Гардемарины. Канцлер | Страница: 104

  • Georgia
  • Verdana
  • Tahoma
  • Symbol
  • Arial
16
px

Пущенный рукой Мелитрисы кусок льда попал ему прямо в лоб, рассек кожу. По носу тонкой струйкой потекла кровь. Метнув ледяную пращу, Мелитриса израсходовала все свои физические и нравственные силы. Набухший водой валенок зацепился за снежный торос, и она, раскинув руки, упала на лед. Вот и все… Если бы у нее были силы, она вцепилась бы Акиму в горло, исцарапала бы лицо, искусала руки, но у нее не было сил даже на рыданье. Слезы сами текли из глаз, протаивая во льду крохотные ямки.

Он рывком поставил Мелитрису на ноги.

— Допрыгались? Так идиотничать могут только идиотки! Вы куда бежали-то? Объясните мне нормальными объяснениями! По мне, гуляйте хоть на все шесть сторон! Мы вас здесь от Тайной канцелярии прячем, а вы такие безобразия устраиваете! — По мере его крика Мелитриса как бы вытекала из его рук и с последним словом упала на лед. Руки ее были в ссадинах и синяках, лицо в крови, шапку она давно потеряла, и длинные растрепавшиеся волосы льнули теперь к потному лбу и мокрым щекам.

Нести ее, скажу вам, это занятие. Ведь, кажется, худая девица, это вам не Фаину переть, а поди ж ты! Может, это тулуп с валенками столько весит? Как бы мы вдвоем дружненько под воду не загремели! Так размышлял честный Аким Анатольевич, пробираясь по шаткому льду к берегу. Счастье сопутствовало ему во всех предприятиях этого утра. Как только он добрался до прибрежных камней, то увидел бегущих навстречу Устина и Фаину. Оказывается, его конь, когда ему наскучило дожидаться хозяина, потрусил к конюшне и был на тропе перехвачен Устином.

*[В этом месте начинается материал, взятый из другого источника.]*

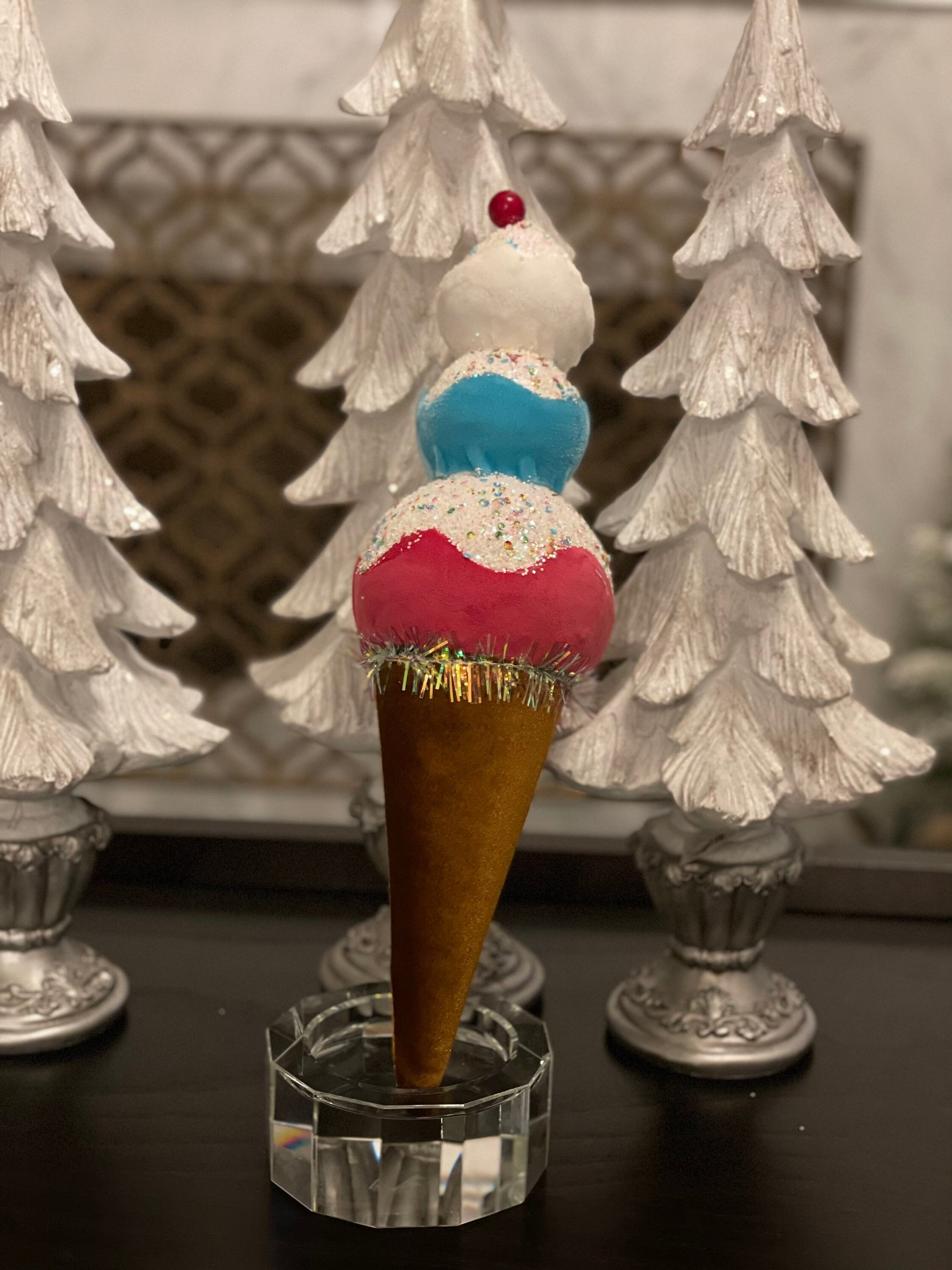 16” ice cream cone turquoise, pink and white. Ornament. Very light weight. It is a beautiful ornament. You can use it in your tree, wreath, garland or anywhere you like.

— Кровищи-то, Аким Анатольевич! Неужели она вас подстрелила? Бедный вы, бедный! — причитала Фаина, однако, увидев бесчувственное тело Мелитрисы, тут же сменила песню. — Так это вы в нее стреляли? Несчастная девочка! Зачем же вы так, Аким Анатольевич?

— Никто ни в кого не стрелял, Фаина Петровна. Я еле на ногах стою, а вы тут всякие мерзкие реплики кудахчете!

Бесчувственную Мелитрису погрузили в возок, глаза ее были закрыты, на этот раз и ресницы не трепетали. Фаина опять поднесла к ее носу нашатырь, но девушка так боднула головой, что флакон выпал из рук, надолго отравив в возке воздух.

— Видите, что творит? — в голосе Акима слышалась законная гордость, вот ведь подследственная досталась!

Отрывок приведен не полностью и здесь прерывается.